We need to promote African content to preserve our culture

There is a revolution going on right now shifting how we consume content and how it is created and that shift is expected to stay for years to come.

In Africa, Storytellers are finding new ways of packaging their message, to expressing how we as a human race feel, how we document our history, create and celebrate our heroes and imagine the future – through words, music, and film.

This year, there have been fewer skills as important as ensuring positive and cohesive societal response.

Over the years, storytelling has been used as a tool of weaving society together and has played a key role in making people more human and by amplifying values like empathy, kindness, and justice.

One thing I have seen happen, is more people have found more time to read, watch documentaries, and learn from heroes the world has celebrated. There has been an understanding that strong societies find solidarity and solace in their heroes.

In Africa, we are told we are lucky to live in a special place. I mean the youngest continent on earth, home to some of the fastest-growing economies, an increasingly educated and exposed population, yet, we cannot find the time to look up and remember just how special the continent is.

Regrettably, we as Africans and especially African media still ride on the old narrative of a bleeding Africa. A colonial mindset of a continent in need of saving and redemption, yet we just need more faith, more belief that we can, more examples of those who made it, and boy don’t we have them in plenty.

Think for example of the incredible story of Chief Teresa Kachindamoto of Dedza District in Malawi. While millions of dollars are poured into the continent every year for campaigns against FGM and ending child marriage, this Malawian matriarch earned the title of the marriage terminator for her effective methods in ending over 2,000 child marriages in her county at least by early 2020.

If not Malawi then the indomitable spirit of Ken Sarowiwa who serves as an inspiration to environmentalists and land rights campaigners on the continent. Although assassinated by a brutal government regime, Ken is remembered for his fight against international oil corporations and the Nigerian government to clean up the environmental disaster in the Ogoni land of the Niger delta.

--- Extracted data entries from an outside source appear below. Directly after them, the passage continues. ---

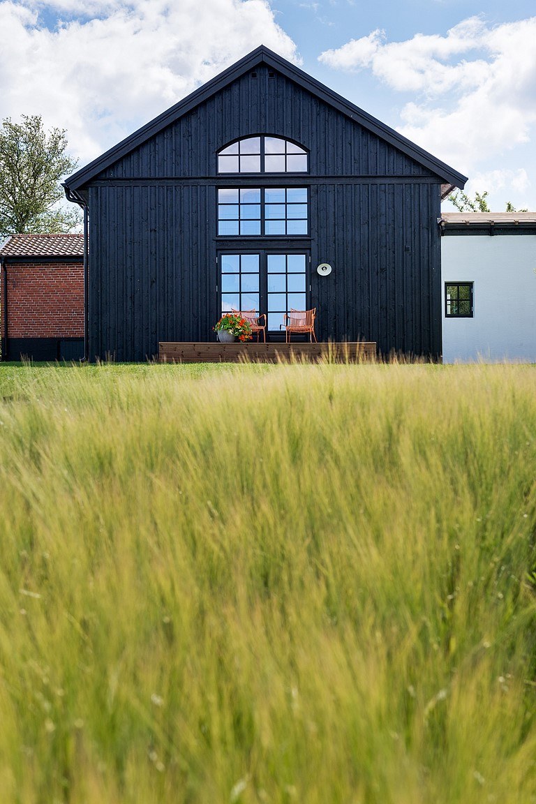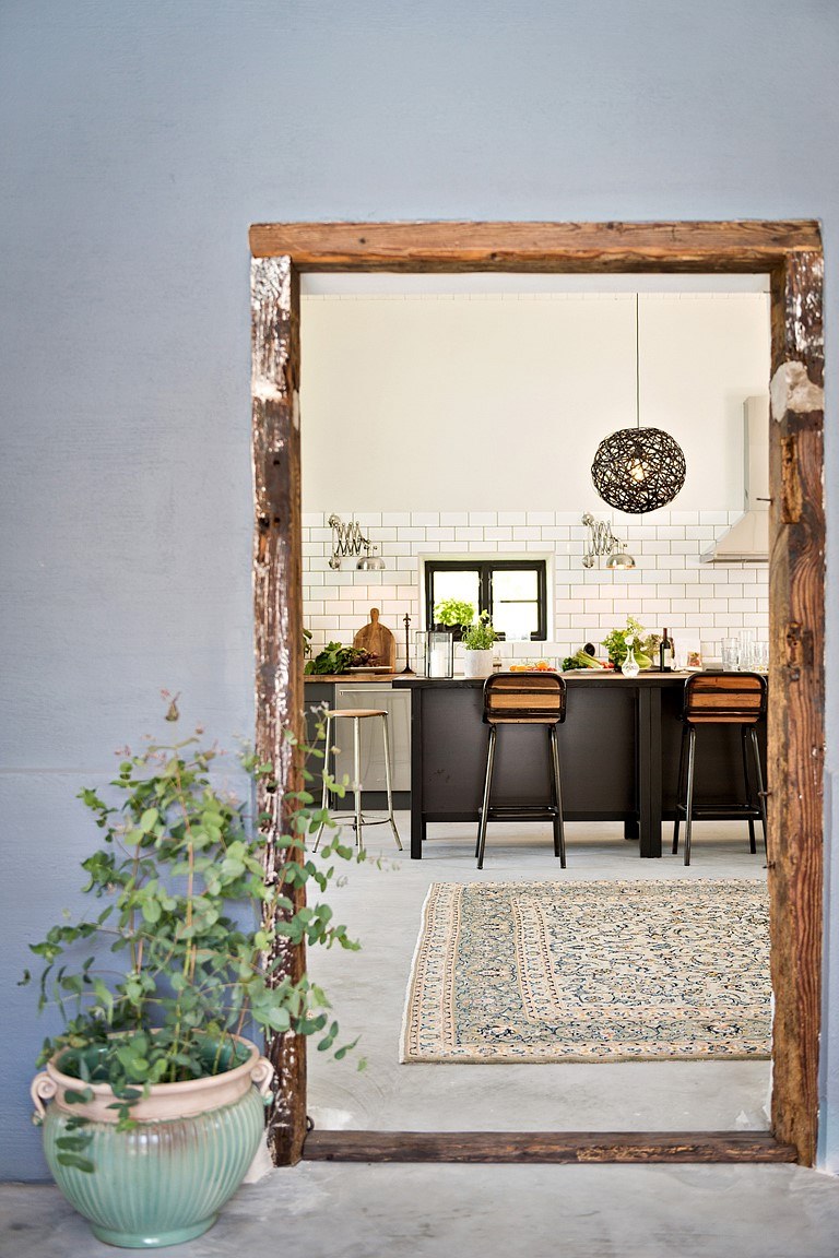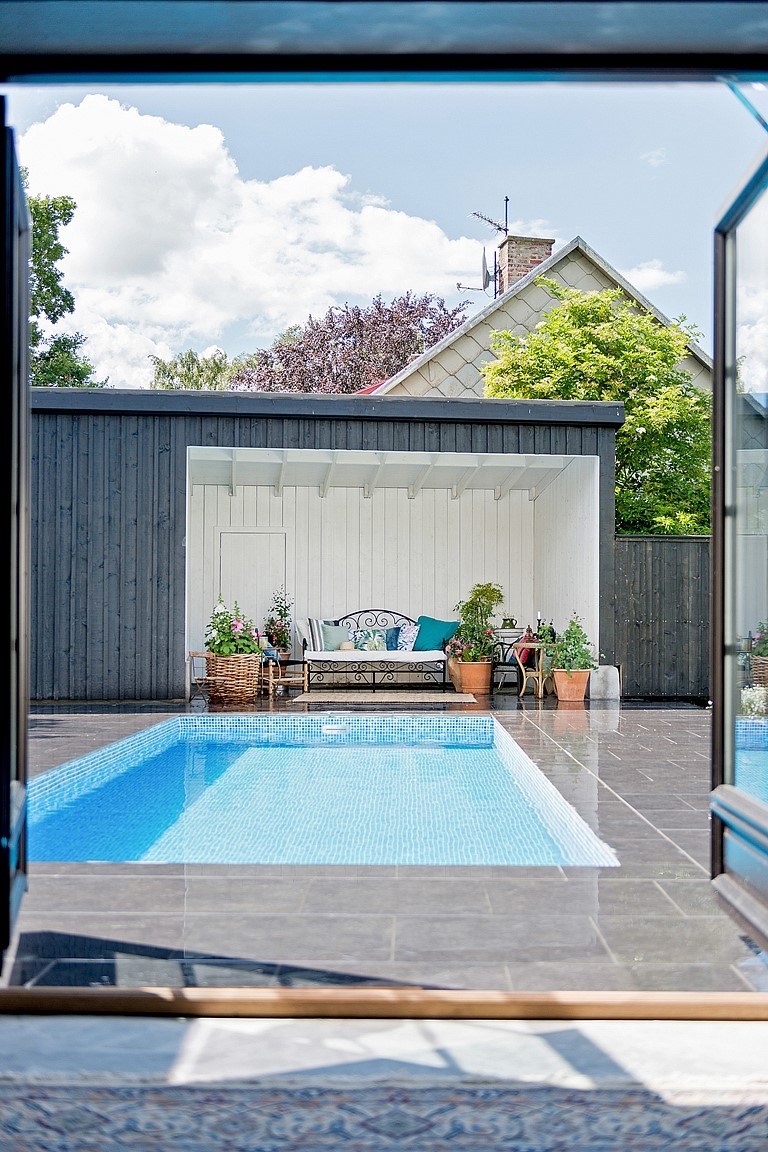 Igazán mesés ez a medencés, tágas családi ház. Hatalmas a konyha, többféle világítótesttel, mert a főzés itt fontos, s ehhez megfelelő megvilágítás dukál. A stílus eklektikus, rusztikus és indusztriál elemek keverednek szépen egymással. Farmerkék falú vagány nappali, ahol stílusosan az egyik lábzsámoly is farmerral kárpitozott. Az egyik fürdő csempéi is ehhez a színhez közeliek, a hófehér szanitereknek kiváló hátteret nyújt.
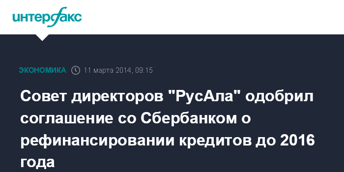 Москва. 11 марта. INTERFAX.RU - Совет директоров ОК "РусАл" одобрил договоренности со Сбербанком (MOEX: SBER) о рефинансировании кредитов до сентября 2016 года, говорится в сообщении компании.
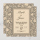 Det är en bröllopsinbjudan som är söt designad med blommönster och bladmotiv. Den har också en modern typografisk layout med eleganta typsnitt. Baksidan har ett konstnärligt element med hela mönsterdesignen.
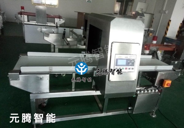 如果包裝物本身含有金屬或者最后的包裝太大無(wú)法得到很好的探測(cè)靈敏度,這時(shí),就要將金屬檢測(cè)儀安裝在包裝機(jī)之前。
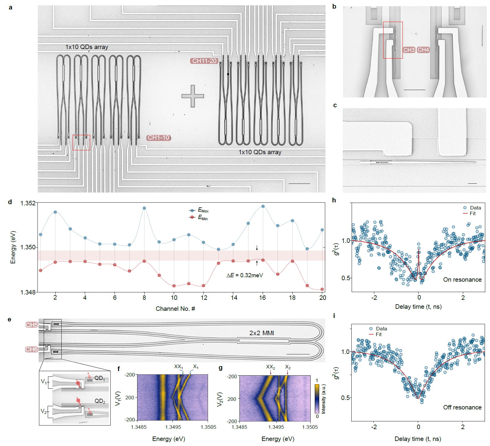 针对上述问题,中国科学院上海微系统与信息技术研究所张加祥、欧欣研究员联合中山大学刘进教授、中国科学技术大学霍永恒教授团队在 Nature Materials 发表了题为 “Large-scale quantum-dot–lithium-niobate hybrid integrated photonic circuits enabling on-chip quantum networking” 的最新研究成果。该团队创新性地实现了基于固态原子(半导体量子点)确定性单光子源与低损耗铌酸锂薄膜的混合集成光量子芯片,并提出基于铌酸锂薄膜铁电畴工程的片上局域应力调控技术,实现了量子点单光子源宽范围、高动态、可逆的光谱精细调谐。同时,团队发展出基于“微转印”工艺的百纳米精度混合集成技术,实现了多达20个确定性量子点单光子源的同步片上集成与光谱调谐。通过材料功能创新与混合芯片架构突破,研究团队首次在混合集成光量子芯片上实现了空间分离的量子点单光子源之间的片上量子干涉互联,为构建可扩展的片上量子网络奠定了重要基础。 大规模半导体量子点-铌酸锂薄膜混合集成光量子芯片 2.研究亮点 (1)结合自组装量子点与铌酸锂这两种在光学研究领域中具有巨大优势的量子材料,针对光量子芯片中多光子态扩展化制备这一长期存在的难题,创新“微转印”混合芯片集成工艺,实现20个量子确定性量子光源与低损耗铌酸锂光子芯片的混合集成,构建了目前国际上基于量子点确定性光源的最大规模混合集成光量子芯片; (2)针对片上固态量子体系(如量子点、金刚石色心等)固有的非均匀展宽问题,提出基于铌酸锂薄膜铁电畴工程的新型直流电压驱动局域应力调控技术,实现五个关键特性集成:芯片集成、宽域调谐、4K低温兼容、超低功耗(mW量级)以及可逆调控,这一方法不仅拓展了铌酸锂材料除电光调制和声表面波之外片上量子调控这一新功能维度,为其它新兴铁电薄膜材料,如钛酸钡(BTO)、钛酸锶(STO)等在片上量子调控应用提供关键技术指导。 3.关键点突破 (1)提出铌酸锂薄膜上应力调控新机制,实现片上应力动态调控量子点确定性单光子源,光谱调谐范围达到7.7 meV,超过量子点单光子变换极限线宽三个数量级; (2)发展出百纳米级精度的“微转印”混合集成工艺,实现多达20个量子点确定性单光子源的片上同时集成和光谱调谐,基于该平台,实现片上不同量子点单光子源的量子干涉互联,片上互联距离0.48 mm,干涉可见度73%; (3)基于铌酸锂铁电畴工程的片上应力调控技术具有4K低温兼容、应力输出温度不敏感、空间局域和超低功耗输出等优异特性,支持千量级量子点光源的同时芯片集成,为片上扩展化多光子资源制备提供重要技术路线。 4.图文解读 图1:(a)大规模半导体量子点-铌酸锂薄膜混合集成光量子芯片。(b)具有局域应力调控功能的混合量子点-铌酸锂集成波导。(c)低温下X-切铌酸锂薄膜直流驱动铁电畴工程实现片上局域应力。(d)铌酸锂薄膜上各项异性局域应力。 图2:(a)不同取向的量子点砷化镓-铌酸锂混合集成波导,单光子信号可通过波导顶部或光栅耦合器输出。(b,c)不同波导取向的片上应力调控。(d)取向角度相关应力张量分布的数值仿真。(e,f)波导取向相关的量子点能带调谐数值仿真。 图3:波导取向相关的量子点局域应力调控范围统计,其中(a)为有二氧化硅绝缘层支撑的量子点/铌酸锂混合波导(b)为无二氧化硅绝缘层支撑的量子点/铌酸锂混合波导。(c)最优化角度(88o)处波导耦合量子点的可逆和大光谱范围调谐结果,调谐范围(d)7.7 meV。(e)局域应力调控量子点时单光子荧光线宽变化。 图4:(a)含20通道量子点确定性单光子源的铌酸锂混合集成光量子芯片。(b, c)量子点-铌酸锂混合集成波导扫描电子显微镜照片。(d)片上20通道量子点确定性光源的同时局域光谱调谐,局域调谐范围0.76 meV/400V, 红色区域为20通道量子光源调谐后的‘同频’区域。(e, f, g)通道5和6中两个不同频量子点的同时局域调控。(h,i)片上两个波导耦合量子点的双光子共振测试。 5.未来展望 该工作结合自组装量子点与铌酸锂这两种在光学研究领域中具有巨大优势的量子材料,为扩展化光量子芯片的发展提供了新的技术路线。同时,平台具有进一步扩展潜力,当前量子点单光子源的片上集成密度可达 67 个/mm, 因此厘米级芯片可容纳 1000+量子通道。此外,单通道量子点单光子源局域应力调控仅需要微瓦功率损耗,相比硅光子芯片中毫瓦功耗的热光调控降低了三个数量级,其低温兼容性和微瓦级功耗,可实现超导纳米线单光子探测器的同时芯片集成。研究团队还表示,未来还可进一步利用铌酸锂材料的高速电光效应,实现片上光子的高速路由与纠缠分发,这一成果为实现容错线性光量子计算与可扩展量子互联网提供了全新技术方案。 论文第一作者为上海微系统所博士王旭东,通讯作者为中国科学技术大学霍永恒教授、中山大学刘进教授、上海微系统所欧欣与张加祥研究员。该研究工作得到了国家重点研发计划(2022YFA1404604)、中国科学院青年团队稳定支持(YSBR-112)和国家自然科学基金等项目的支持。 原文链接:https://www.nature.com/articles/s41563-025-02398-1

These are heroes whose stories have very relevant lessons to the present day and tomorrow Africa. Sadly, these stories do not get enough coverage. While it’s true, producing these stories is a costly affair, it's time media houses thought of collaborations as a way of feeding their audience with content that speaks to their hearts.  As African media organizations, be it broadcast, digital, or print, we have long assumed that all our audience thirst for is politics and cheap entertainment, but the tide is changing, because there is a disruption.

Although media remains a critical tool for the dissemination of information, the consumers of content are increasingly becoming picky. With the digital media burst and a growing internet penetration around Africa, audiences realize they have freedom of choice on the content they want to consume. They are educated to carefully choose facts from fiction and filter negative from positive and time-worthy content. This change has brought into focus the media’s role in agenda-setting and is causing a shift for media managers to cater more to the needs of the changing taste of their audience.  

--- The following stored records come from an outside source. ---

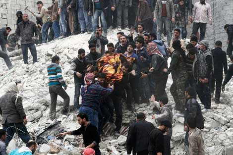 Cuatro días después del ataque, el ministro israelí de Defensa, Ehud Barack, dijo que esto es una prueba de que cuando decimos una cosa es en serio, al referirse al bombardeo en Yamraya, localidad cercana a la carretera Beirut-Damasco, donde se localizan instalaciones militares sirias. En la imagen, civiles rescatan un cadáver tras la ofensiva del gobierno de Bashar Assad sobre zonas opositoras en Ansari Foto Ap
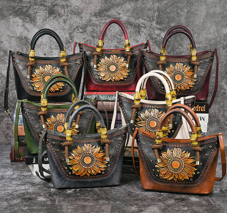 Women's Retro Genuine Leather Embossed Tote Bag Sunflower Pattern Top Handle Crossbody Purse
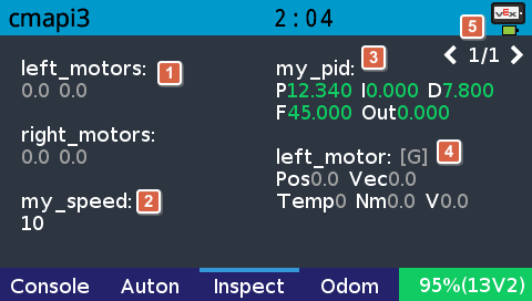 P值、I值、D值、F值、及最新輸出Out。當檢查 PROS Motor 實例,頁面會以顏色顯示設定的齒輪組類型
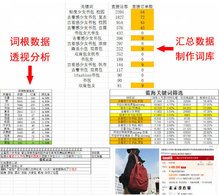 在这里可以看到每一个词根的访客,销量数据,通过表格数据透视清晰明了剖析了每个词根转化率(收藏加购率也可以制作)。
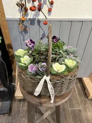 可愛いカゴの寄せ植え ミニ葉牡丹🧺

This trend is not about to stop and so the sooner the broadcasters change their focus to publish more educative, informative, and well told stories, we will continue losing the eyeballs and shrinking the market share both on TV and our digital portfolios.

To effectively cater to the growing economies on the continent, information is power. Credible information is even more important. While data, the driven approach continues to help businesses and to take decisive steps in their growth strategy.